═══ Extracted data
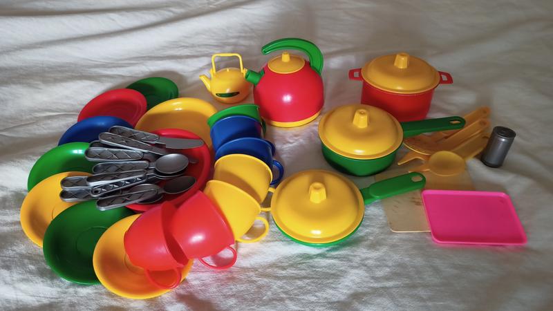 Продается набор кукольной посуды и пасочек. Много всякой всячины и для игры в доме и на улице в песочнице.
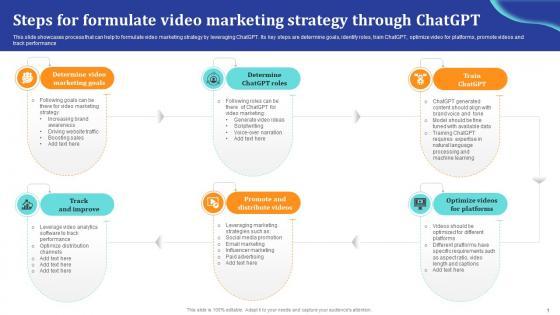 This slide showcases process that can help to formulate video marketing strategy by leveraging ChatGPT. Its key steps are determine goals, identify roles, train ChatGPT, optimize video for platforms, promote videos and track performance. From laying roadmaps to briefing everything in detail, our templates are perfect for you. You can set the stage with your presentation slides. All you have to do is download these easy-to-edit and customizable templates. ChatGpt Comprehensive Guide Steps For Formulate Video Marketing Strategy Ppt Sample ChatGpt SS V will help you deliver an outstanding performance that everyone would remember and praise you for. Do download this presentation today. This slide showcases process that can help to formulate video marketing strategy by leveraging ChatGPT. Its key steps are determine goals, identify roles, train ChatGPT, optimize video for platforms, promote videos and track performance.
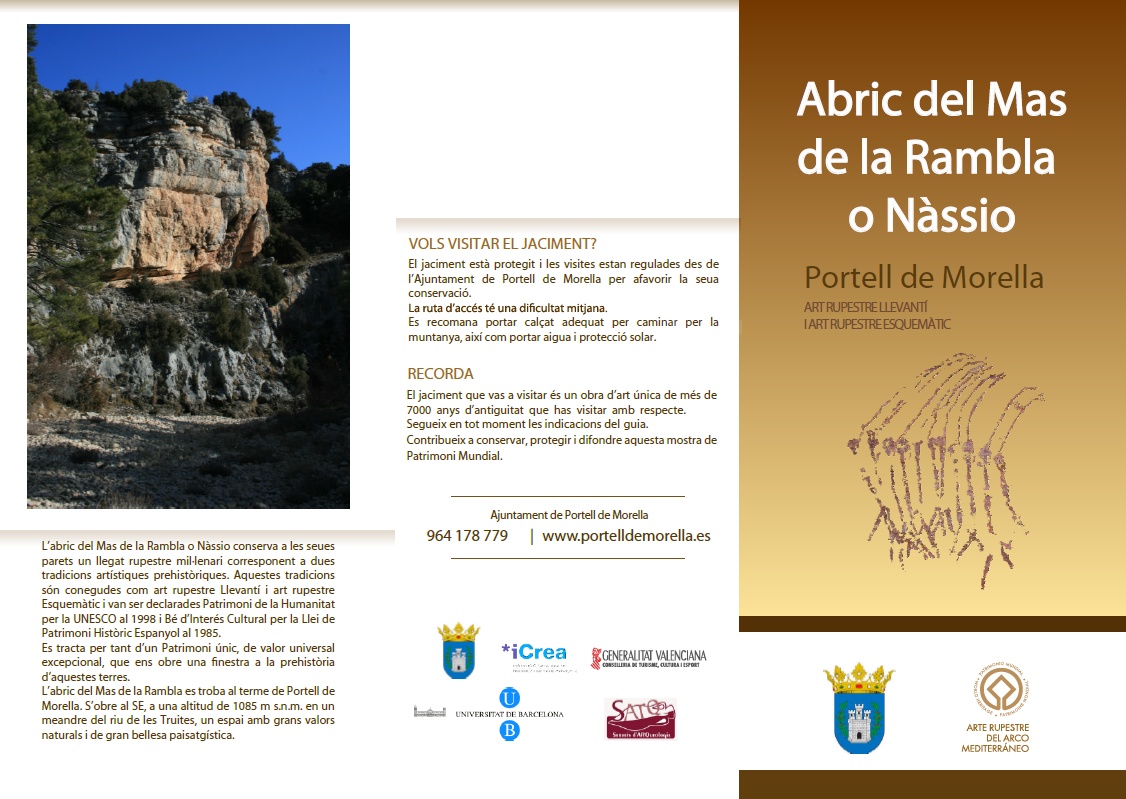(26-05-2015) Fa un temps, Ismael Gil i jo (Jacint Cerdà) vam trobar unes pintures rupestres al terme de Portell. Davant la importància i repercusió que sabíem que això tindria, vam esperar l'ocasió propícia per tal de posar-ho en mans d'experts que ho pugueren estudiar i valorar. Finalment, el moment va arribar i, ara, per fi, es fan públics els resultats. Són pintures de fa uns 7.000 anys i es veuen un parell de formacions d'homens amb arcs, diversos animals, com cabres salvatges i cèrvols, i una cosa curiosa, la impressió dels dits de la mà esquerra de l'artista. Si les voleu visitar, us hem d'advertir que estan molt desgastades i que a penes es veuen. Demà dissabte es farà la presentació, a les 10:00 h. Ací us passem el tríptic que ens han fet arribar. Si cliqueu damunt, el podreu vore una mica més gran.
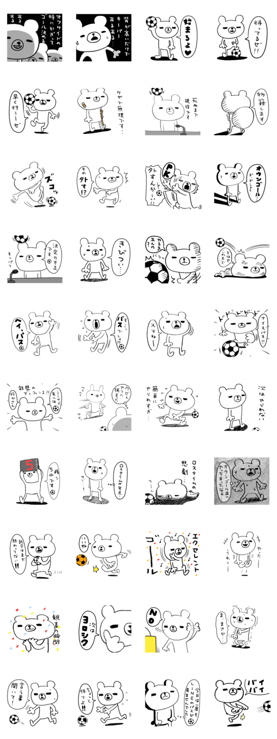 サッカー好きなゆるいクマさんが使いやすいスタンプになりました。サッカーしてる人に使えるスタンプ多めです。日常会話やビジネスにもどうぞ。
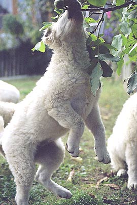 Wenn Tifarah heute auf leisen Katzenpfoten unterwegs ist und uns aus ihren schmalen, schrägen ägyptischen Mandelaugen anschaut, nennt Stephan sie oft das „Kätzchen“. Für ihr Alter ist Tifarah mit ihren heute etwa 16 Monaten ein keckes und vorwitziges Kuvaszmädel, das sich darum nicht minder lieb und folgsam zeigt. Nun, mit ihrem Selbstbewusstsein fällt es leicht, offen und freundlich zu sein, mit Zweibeinern wie mit Vierbeinern.
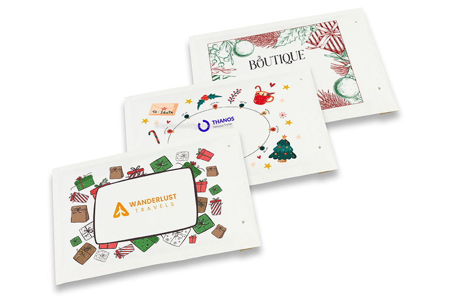 Das stabile Kraftpapier auf der Außenseite und die schützende Luftpolsterfolie auf der Innenseite sorgen dafür, dass Ihre Produkte sicher verpackt sind. Sie können aus verschiedenen auffälligen Weihnachtsmotiven wählen – mit diesen Umschlägen wird Ihre Sendung garantiert Aufmerksamkeit erregen! Auch hier können Sie Ihr eigenes Logo in das Weihnachtsdesign integrieren. Damit verleihen Sie Ihren Umschlägen eine persönliche und professionelle Note und sorgen dafür, dass Ihre Marke in der Weihnachtszeit besonders auffällt.
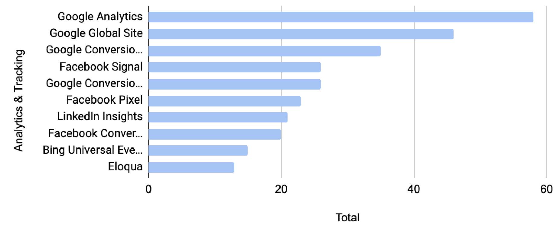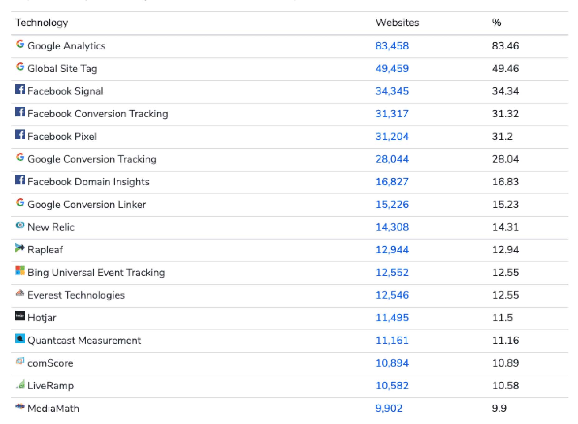 As a whole, everyone pretty much uses Google Analytics, and they often use Google Conversion Tracking with it. Beyond that, if you’re doing Facebook advertising, then Facebook pixels are a must. Aside from these two, NewRelic, Rapleaf (now TowerData), LiveRamp, and Hotjar are probably the most relevant in this conversation.
══════
If a line falls between the one containing "Wenn Tifarah heute" and the last line of the records above, inclusive, restate it exactly; leave out the pictures and everything else.

 Wenn Tifarah heute auf leisen Katzenpfoten unterwegs ist und uns aus ihren schmalen, schrägen ägyptischen Mandelaugen anschaut, nennt Stephan sie oft das „Kätzchen“. Für ihr Alter ist Tifarah mit ihren heute etwa 16 Monaten ein keckes und vorwitziges Kuvaszmädel, das sich darum nicht minder lieb und folgsam zeigt. Nun, mit ihrem Selbstbewusstsein fällt es leicht, offen und freundlich zu sein, mit Zweibeinern wie mit Vierbeinern.
 Das stabile Kraftpapier auf der Außenseite und die schützende Luftpolsterfolie auf der Innenseite sorgen dafür, dass Ihre Produkte sicher verpackt sind. Sie können aus verschiedenen auffälligen Weihnachtsmotiven wählen – mit diesen Umschlägen wird Ihre Sendung garantiert Aufmerksamkeit erregen! Auch hier können Sie Ihr eigenes Logo in das Weihnachtsdesign integrieren. Damit verleihen Sie Ihren Umschlägen eine persönliche und professionelle Note und sorgen dafür, dass Ihre Marke in der Weihnachtszeit besonders auffällt.
 As a whole, everyone pretty much uses Google Analytics, and they often use Google Conversion Tracking with it. Beyond that, if you’re doing Facebook advertising, then Facebook pixels are a must. Aside from these two, NewRelic, Rapleaf (now TowerData), LiveRamp, and Hotjar are probably the most relevant in this conversation.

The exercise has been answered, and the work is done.